We owe a special thanks to our driver guide Julius for his safe driving, spotting the animals and knowing interesting details about them. Talking about the harem of impalas, the sole male and his 40 or 50 ‘wives’ grazing and moving as a team, how the lions spot their prey, wait patiently and guide the cubs to attack and capture, how the baboons can distinguish between the locals and visitors, especially the white ones, the leopard carrying a sixty pound gazelle by its neck up to a tree top and leisurely eating it, that an ostrich’s eye is bigger than its brain, multiple adult baboons raising the young ones together, etc, etc. And our cook Freddy was passionate with his choosing items and instilling his special flair into his dishes, responding with his unique answer when asked, what is in it, Feddy?.. ‘Freddy’! And every one of his items was always delicious.

Our last visit was to the Ngorongoro Crater, as a conservation area protected as a UNESCO world heritage site, about three million years old, formed after a volcanic explosion and collapse, about a mile deep and the floor covering an area of a hundred square miles. The Maasai tribe was moved here from the Serengeti and the ecosystems along with the animals are protected in the crater. We concluded our safari viewing a wealth of game in this fascinating area, ascending the slopes of the crater and settling for the night in a tent site, at the edge of the crater.

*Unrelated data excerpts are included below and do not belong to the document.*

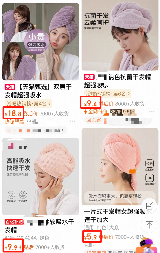现在网上有很多干发帽在售卖,价格也都参差不齐,几块到几十块都有。
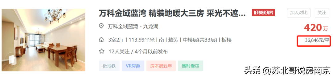 第三:九龙湖万科金域蓝湾!高峰期时万科金域蓝湾房价可以直追河西南,达到了45000元/㎡左右,如今二手房价已经回落至36000元/㎡,跌掉9000元/㎡,跌幅达到20%。
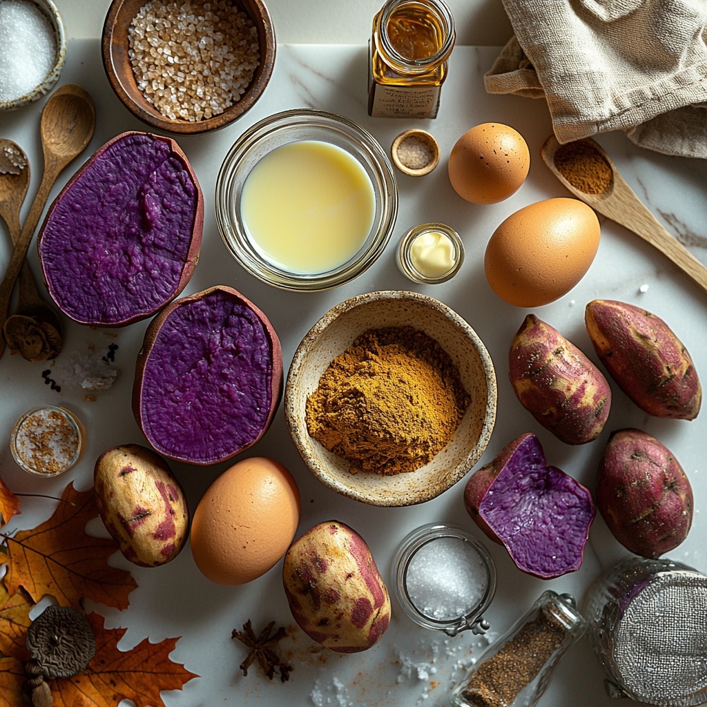 Don’t let the list intimidate you—each ingredient is straightforward but plays a vital role in perfecting this pie. From the naturally colorful purple sweet potatoes to the silky Swiss meringue, these ingredients combine to deliver a balanced, irresistible dessert.
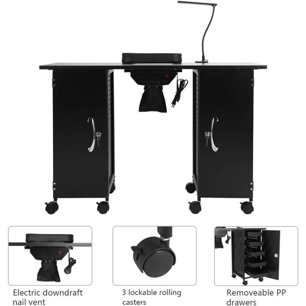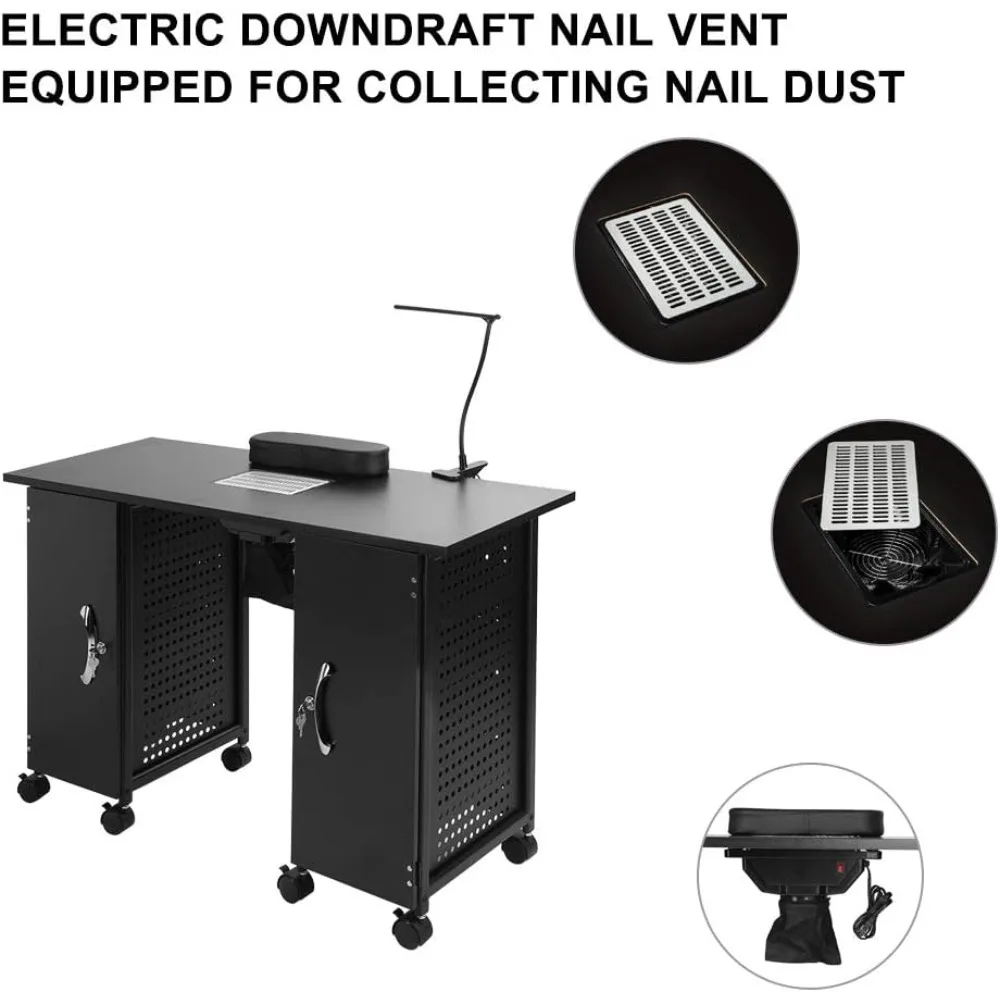 - DUST COLLECTOR & WRIST REST INCLUDED: With electric downdraft vent on it, the nail desk can collect the nail dust while manicure and keep the table clean to some degree. And a wrist rest is included for comfort and convenience while manicure.
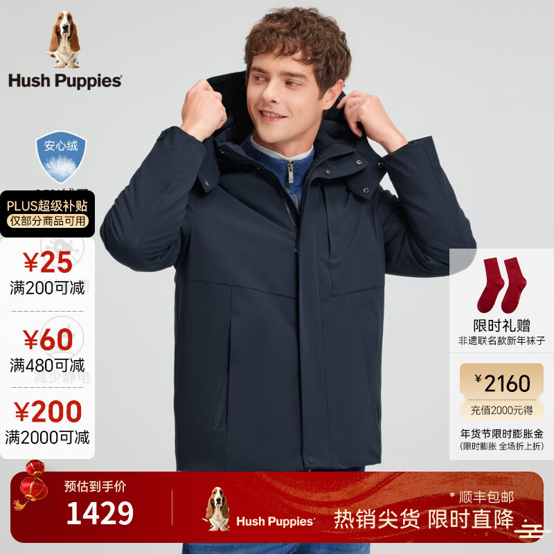 暇步士(Hush Puppies)【挺括有型】男装2025冬季新款蓬松舒适锁温安心绒羽绒服 墨蓝色 XL
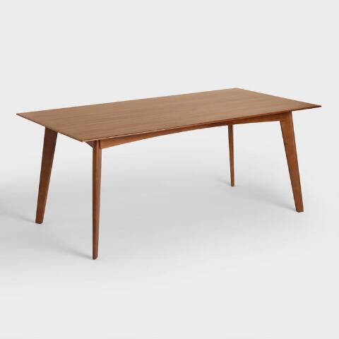 Characterized by mid-century design details like a beveled edge, clean lines and tapered blade-shaped legs, our sleek dining table is crafted of solid wood and finished in classic walnut brown.
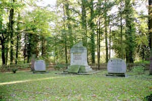 In einer umzäunten Anlage, von hohen Bäumen umgeben, Ehrenmal für die Kriegstoten des Ersten Weltkrieges. Auf gestuftem Sockel vorderseitig die Inschrift.
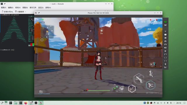 Bliss OS理論上還是跨平台的,Linux/macOS/Windows都能裝。 在Linux用QEMU虛擬機裝Bliss OS,再配合virglrenderer走虛擬GPU硬體加速,即可達成 在電腦玩手機遊戲的願望,效能接近原生。在這篇文章中我有探討具體安裝過程。 https://reurl.cc/RyvoNr 當然,如果你對市面上商業的手遊模擬器很感冒,想追求自由軟體環境的話,仍可以在 Windows靠VMware的GPU直通,或自行編譯QEMU,裝Bliss OS,不過我沒怎麼研究Windows 上的解決方案就是了。 3. 當作雲手機的載體 Bliss OS是「自架雲手機」的有力人選之一,你可以用手機上的Scrcpy,遠端存取電腦上 的Bliss OS玩遊戲。 https://www.youtube.com/watch?v=nRe2GL7yf9c
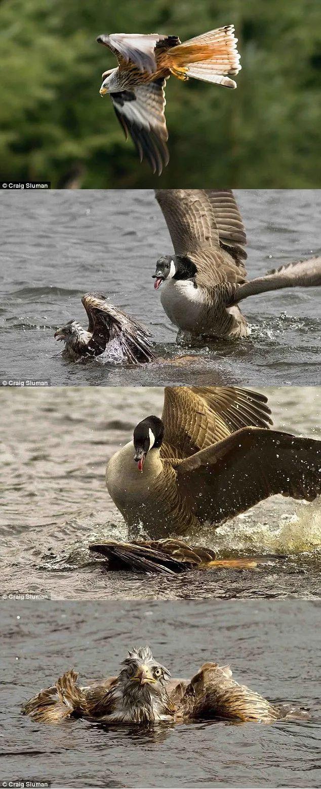 一只小美洲黑雁(Branta hutchinsii)竟“擊沉”鷹隼
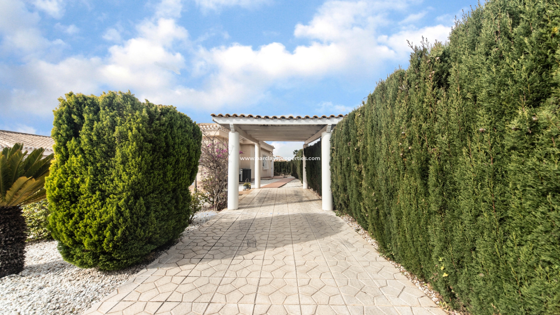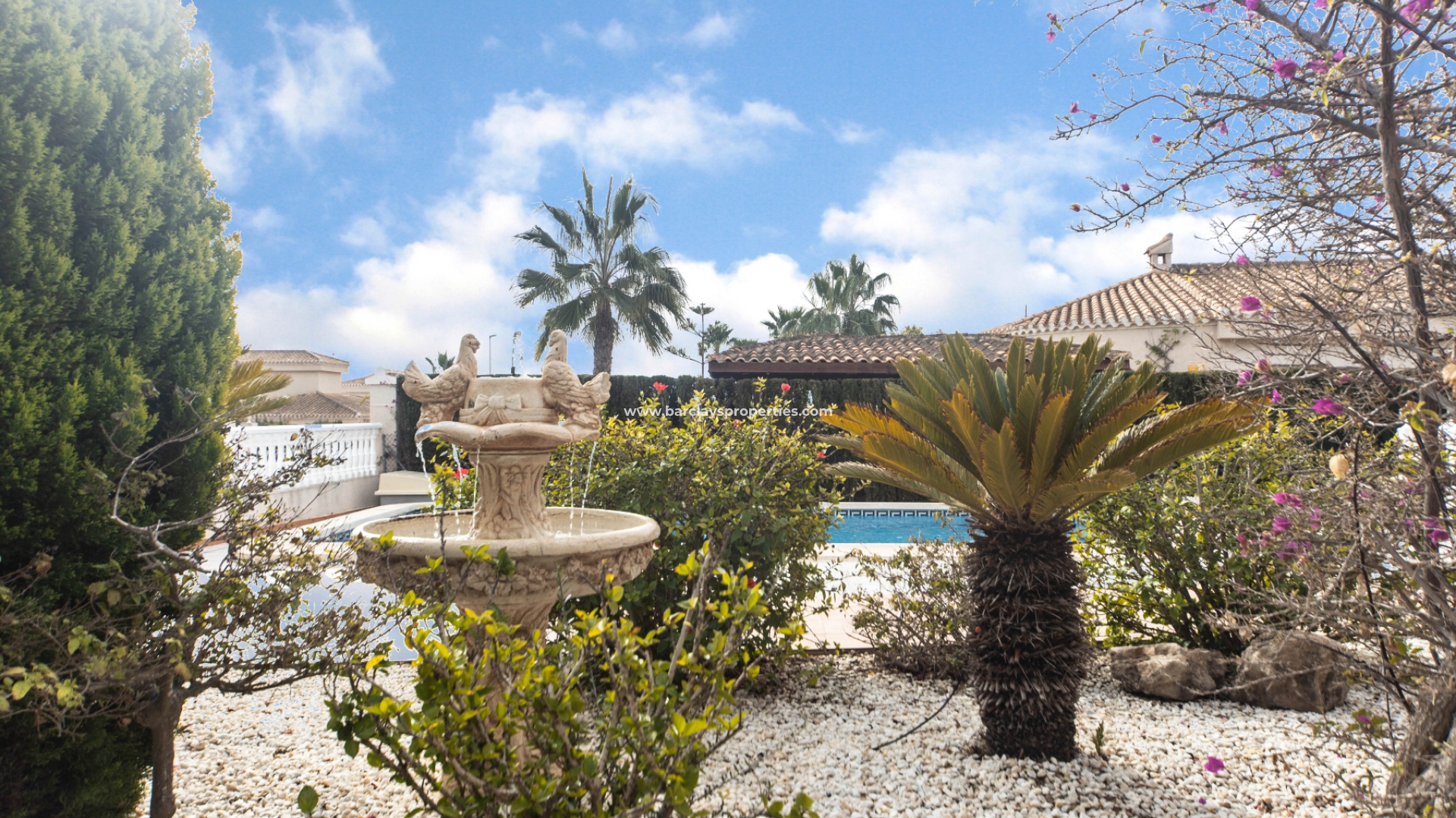 De ruime tuin van 510 m2, die voornamelijk betegeld is met wat grind, is toegankelijk via opritten en een voetgangerspoort met intercomsysteem, waar zich het prachtige privézwembad van 8 x 4 met buitendouche, parkeergelegenheid met carport, buitenverlichting en een waterfontein bevinden. Bovendien is de tuin voorzien van een irrigatiesysteem om hem het hele jaar door mooi te houden.
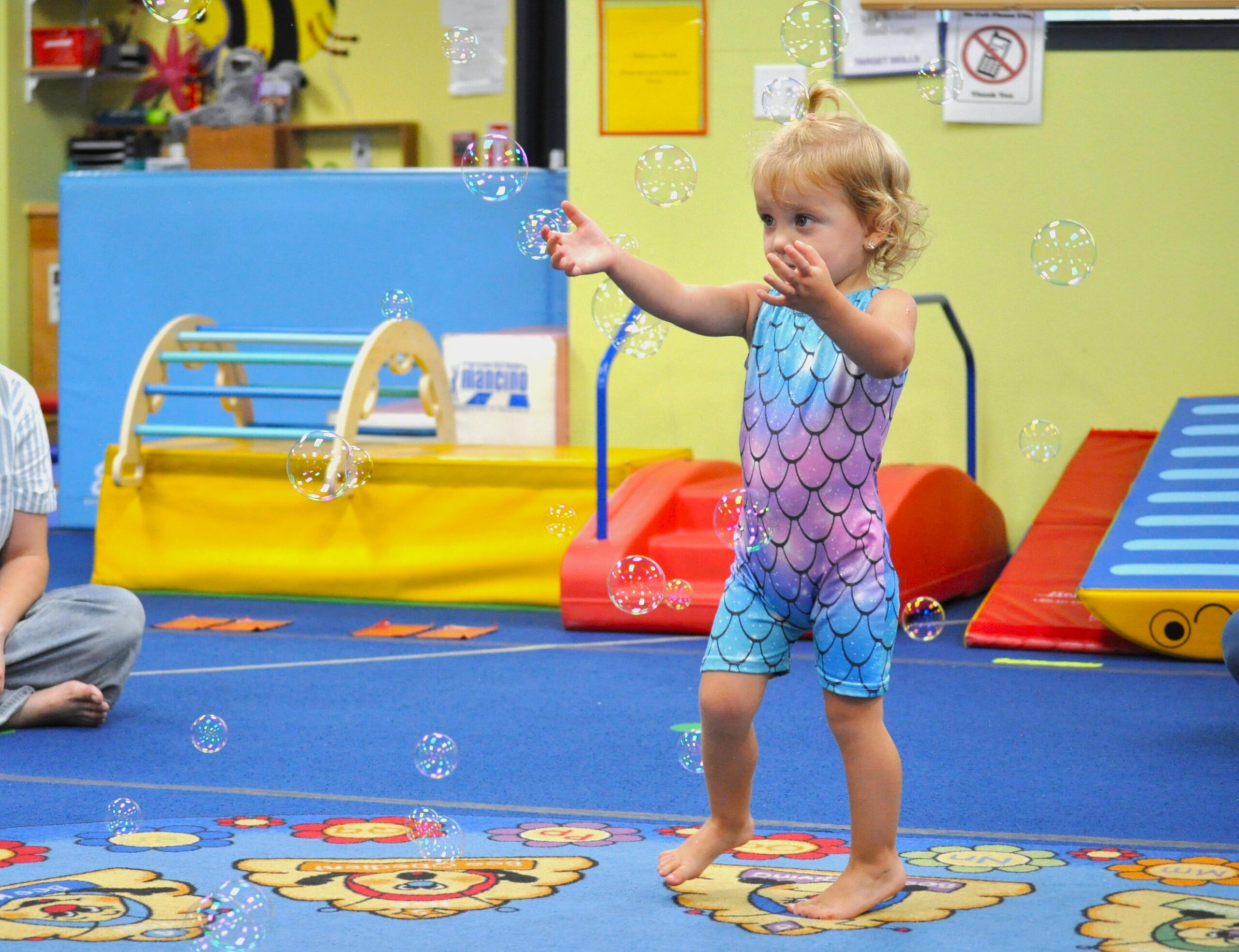Two Peas learn to run with developing synchronization; step, hold and balance on alternate feet; roll forward, sideways and backwards on a wedge with a spot; transfer weight from feet to hands and back. Two Peas play (or observe play); interactively structured games with other low Two Peas classmates. They sing and perform physical motions to familiar songs.
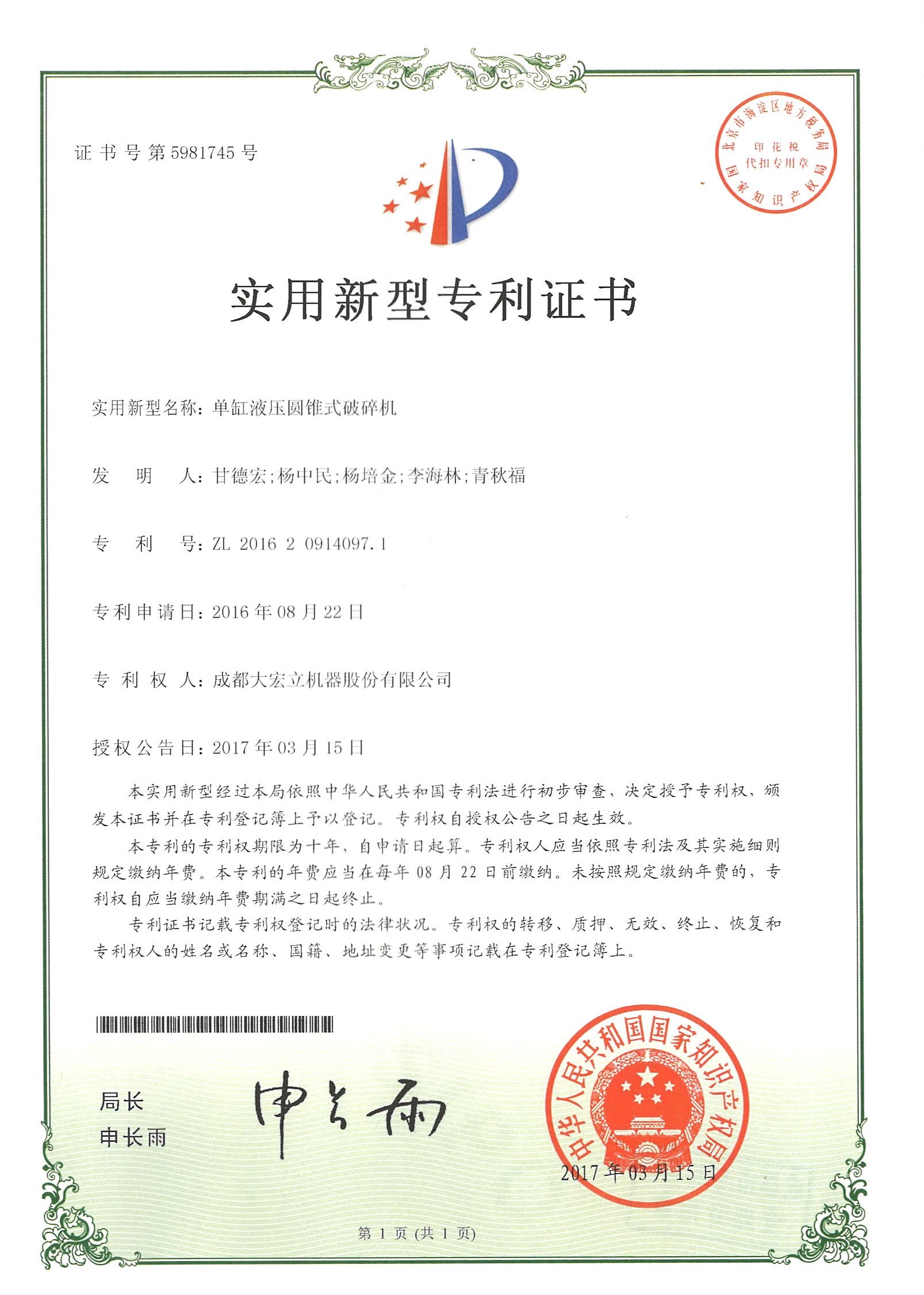 目前,PYY系列單缸液壓圓錐式破碎機已取得超30項專利技術(shù),其中,PYYZ800經(jīng)成都融智創(chuàng)新科技評估中心認證為國內(nèi)領(lǐng)先產(chǎn)品。
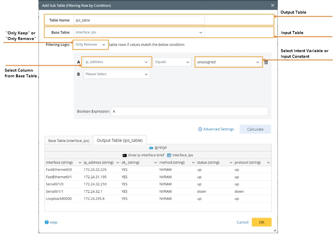 Complete the following steps to use sub table to filter table row by specified condition, for example, create a sub table to only keep the interface with the IP address configured.
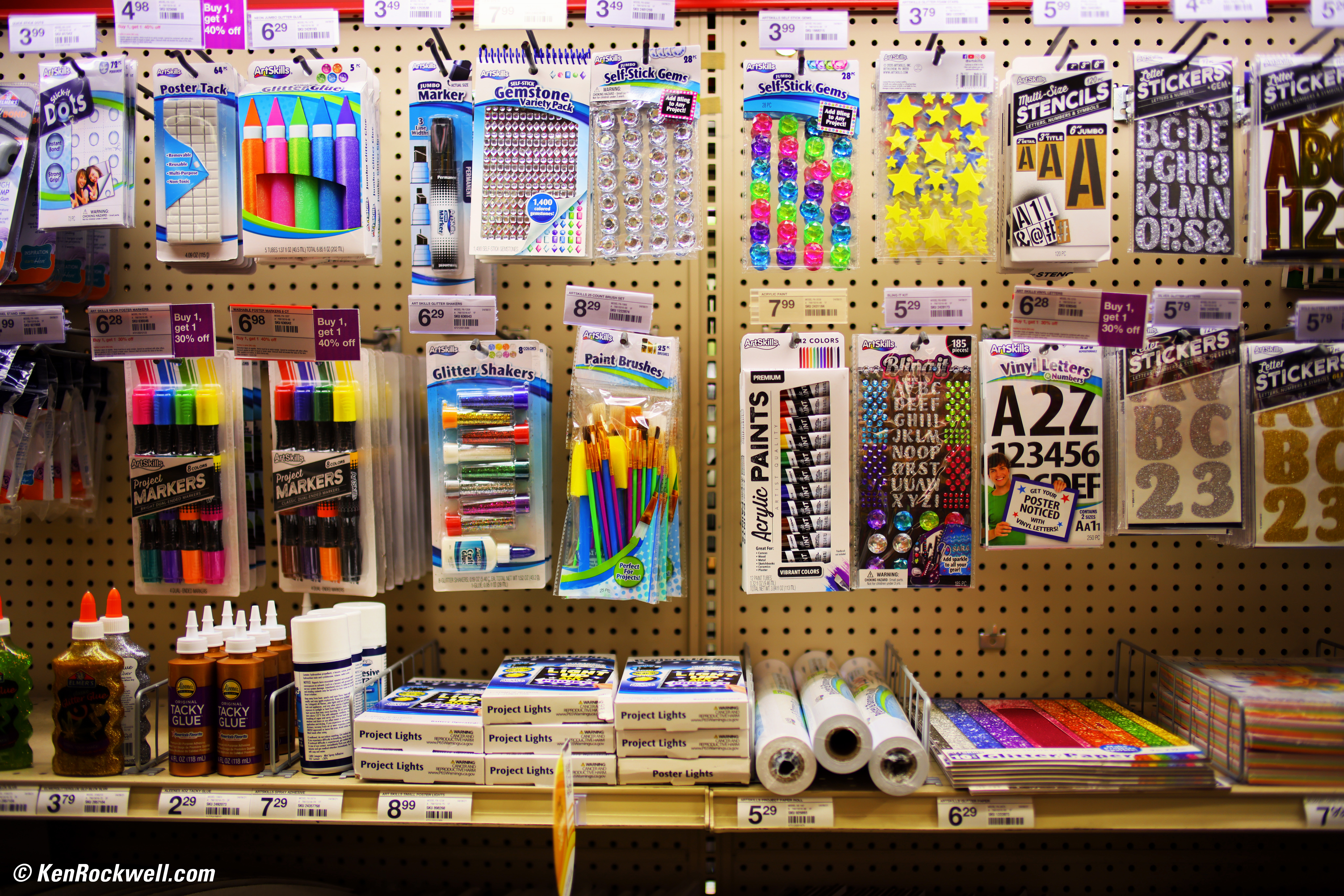 Fun Art Supplies, 8:06 AM, 19 August 2021. Canon R5, TTArtisan 35mm f/1.4 ASPH on basic mechanical adapter at f/1.4 at 1/100 at Auto ISO 100, Perfectly Clear. bigger, full resolution or camera-original © NORMAL JPG file. Very little of this is in focus, don't confuse lack of depth-of-field at f/1.4 with lens softness.
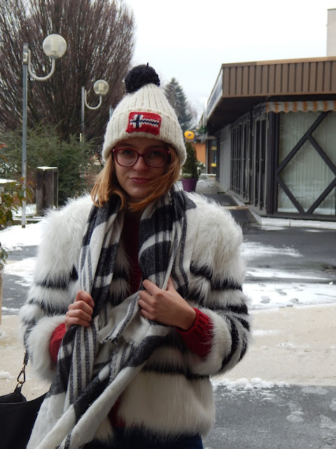 Un look shooté un jour de neige froid. Il fallait donc s’habiller en conséquence. Le faux fur a donc été la solution ainsi que le gros bonnet Napapijri, l’écharpe plaid et les UGG afin d’avoir les pieds au chaud et marcher tranquillement dans toute cette neige. Un look assez simple,
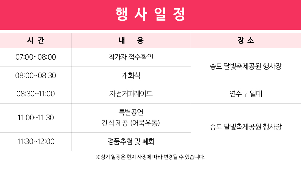 천재지변이나 자연재해 발생으로 행사개최가 불가능할 경우, 연기또는 취소되며 참가비는 환불되지 않습니다.

Night was cold but the feeling was warm having experienced the phenomenal treat of nature with all its trimmings.

Left early in the morning for the long drive to Arusha where we bid goodbye to Julius and Freddy and took the shuttle to Nairobi. Halted at Antony’s Grand Homestay near the airport.

We flew back from Nairobi to Mumbai. Arun stayed back in Mumbai before flying back to the US a couple of days later and Babu and I caught our flight to Kochi, getting back in time for dinner and our own beds.